**ABOUT THIS TASK:** Excluding any images, copy all of the lines below precisely as written.

**SOURCE MATERIAL:**

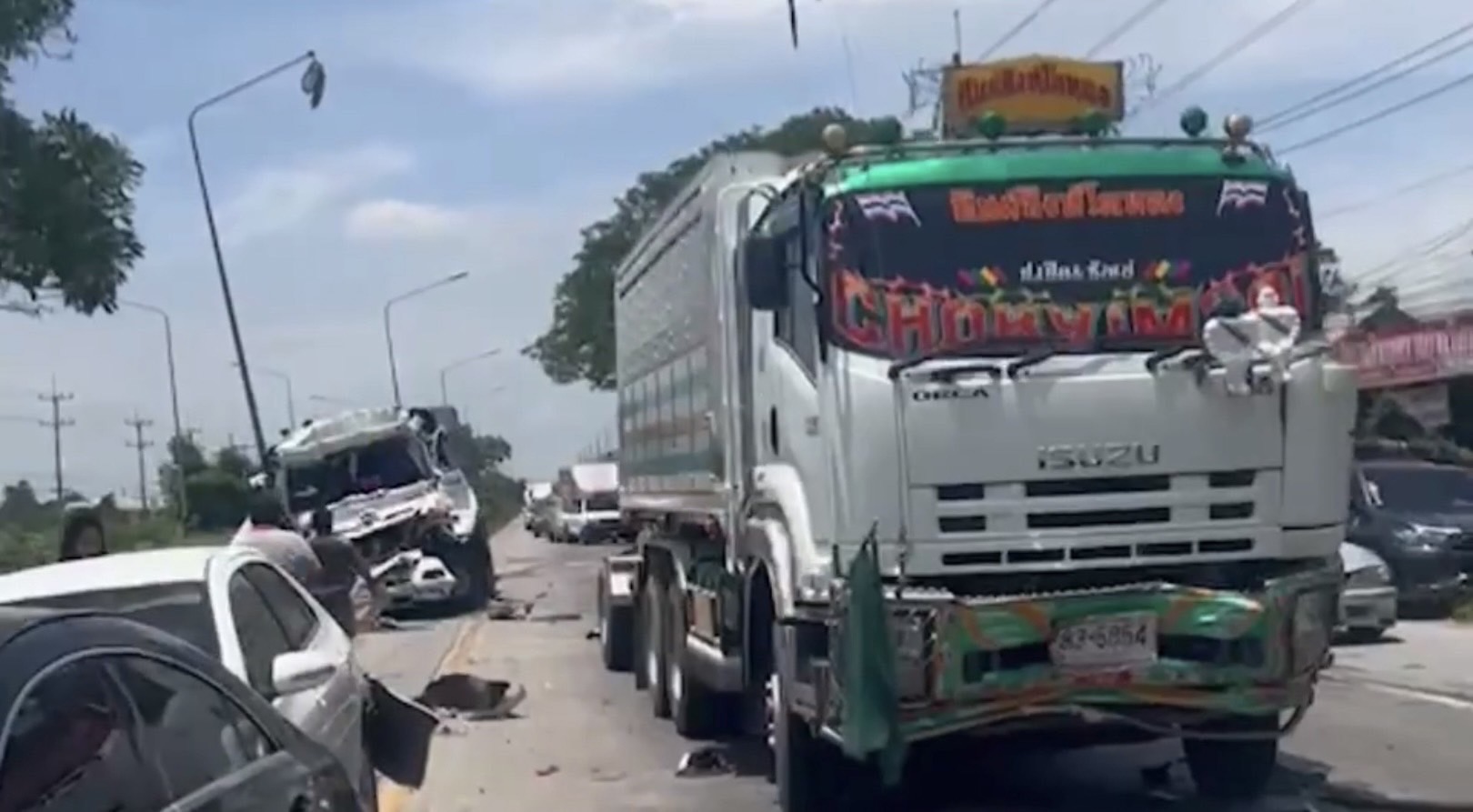 รถบรรทุกน้ำมันเบรกไม่อยู่ชนรูดเก๋งหรู พร้อมรถโชคร้ายพังยับ4คันรวด
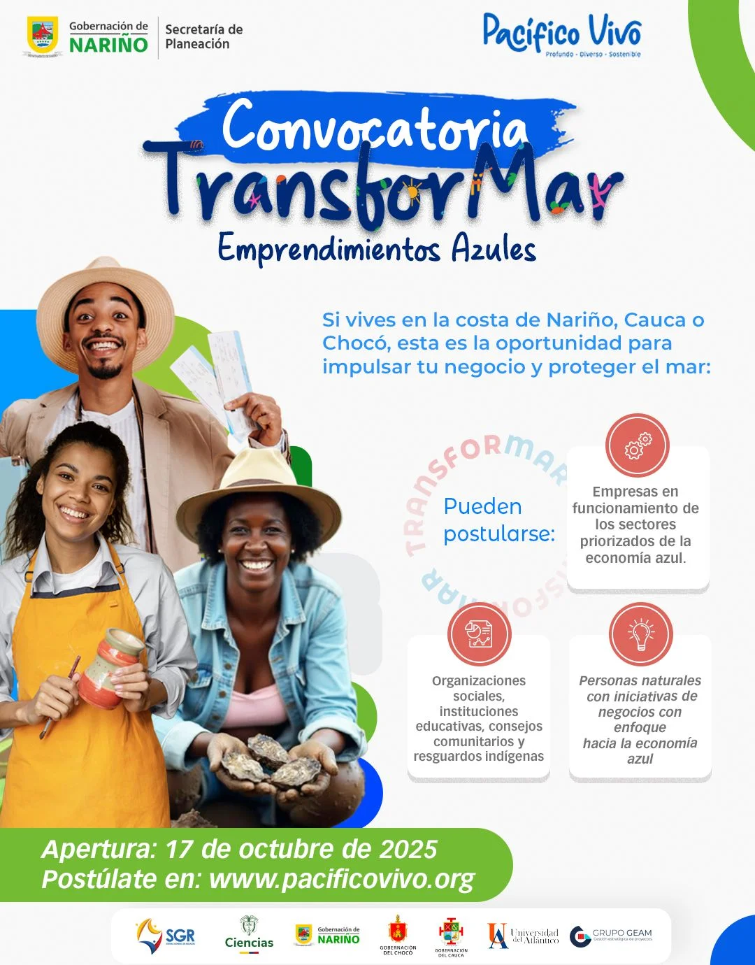 El programa TransforMAR emprendimientos azules – Pacífico Vivo abre su convocatoria para identificar y fortalecer iniciativas empresariales en los territorios costeros de Nariño, Cauca y Chocó. Si sueñas con un negocio que contribuya al desarrollo sostenible de tu comunidad desde la economía azul, esta es tu oportunidad.
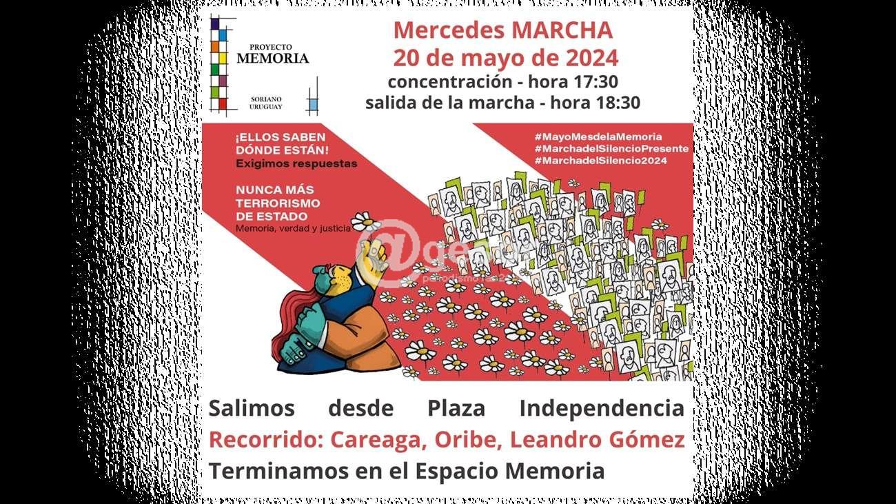 El lunes 20 de mayo se realiza una nueva Marcha del Silencio. En Mercedes es organizada por la Comisión Memoria, Justicia y contra la Impunidad de Soriano.

**ANSWER SECTION:**
 รถบรรทุกน้ำมันเบรกไม่อยู่ชนรูดเก๋งหรู พร้อมรถโชคร้ายพังยับ4คันรวด
 El programa TransforMAR emprendimientos azules – Pacífico Vivo abre su convocatoria para identificar y fortalecer iniciativas empresariales en los territorios costeros de Nariño, Cauca y Chocó. Si sueñas con un negocio que contribuya al desarrollo sostenible de tu comunidad desde la economía azul, esta es tu oportunidad.
 El lunes 20 de mayo se realiza una nueva Marcha del Silencio. En Mercedes es organizada por la Comisión Memoria, Justicia y contra la Impunidad de Soriano.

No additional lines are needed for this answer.